3. Charlie’s Angels (Cancelled): This “Charlie Angels” feels very much like a Skinimax film with high-production values and no sex, no sex appeal, and no titillation. It’s pizza-delivery boy territory, but it’s on at 8 p.m. (the family hour), so obviously, there’s very little the show can reveal. The pizza-delivery boy just stands at the door jiggling his change and leaves, frustrated, and without a tip. And since there’s no longer any groundbreaking justification for the new “Charlie’s Angels,” the only allure left for a show like this is the sex appeal, and yet episodes of “Burn Notice” are practically R-rated by comparison. At the very least, the men behind “Charlie’s Angels” — Alfred Gough and Miles Millar (“Smallville”) — should’ve taken a cue from Yvonne Strahovski’s character in”Chuck” instead of stealing the show’s tone from a big dirt hole in the ground.
2. Last Man Standing: There’s a lot wrong with ABC’s new Tim Allen comedy, “Last Man Standing,” not least of which is that it’s a generic, laugh-track sitcom steeped in lame 80’s humor. It’s essentially a remake of “Home Improvement,” only the television show is exchanged for YouTube videos, and the sons are exchanged for daughters so that Tim Allen’s Mike Baxter can better play on gender stereotypes. He’s an unfunny Al Bundy crossed with a Tea Party activist, a “man’s man,” which means: A little racist, a little homophobic. Still, it’d be one thing if Mike Baxter was the butt of his own jokes, an asshole Archie Bunker who managed to expand his worldview thanks to the perspective of three daughters and a boozy wife. But in “Last Man Standing,” his worldview is proven correct by the plotlines: It is sissy to baby-proof your house, and liberal day-care providers will turn your baby into a Nancy. Ranting and raving online about the demise of machismo validates Mike Baxter’s conservative worldview by making him a viral success.
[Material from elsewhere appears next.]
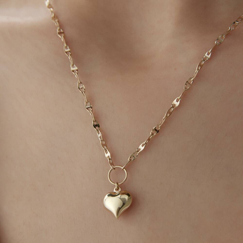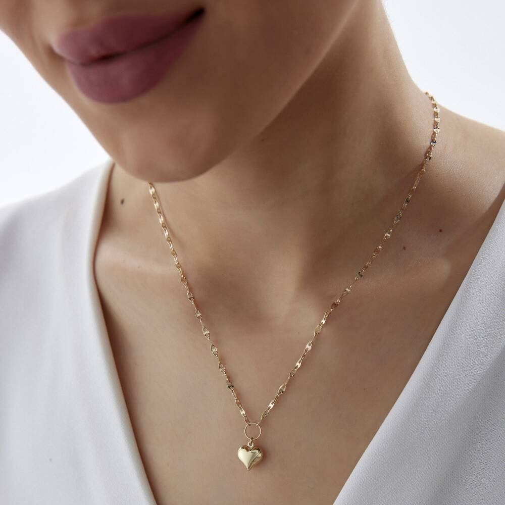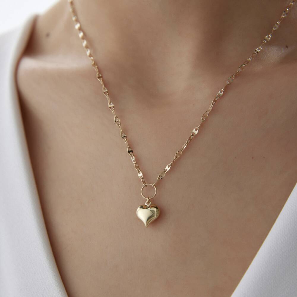 Altın Aynalı Zincirli Bombeli Kalp Kolye

1. Whitney: The fact that “Whitney” has been picked up for a full season has mystified all of us, including Sarah, who wrote in her review: “That’s all I could think about as I trudged through “Whitney,” NBC’s latest attempt at filling one of the holes “Friends” left on Thursday nights when it finished (a couple seasons after it should have, to be fair) in 2004. The network has found some gems in “The Office,” “30 Rock,” “Community” and “Parks and Recreation.” But there’s always that other spot to fill, the one that seems cursed by the many multi-camera comedies that once ruled the night for NBC, from “Seinfeld” to “Frasier” to “Will & Grace.” Recent inductees into the network’s comedy graveyard include “Perfect Couples” and “Outsourced,” as well as others I’ve thankfully forgotten. Hopefully, “Whitney,” a bland, unfunny, wannabe “Friends,” joins them. Soon.”
Unfortunately, it will not. At least not until 2012.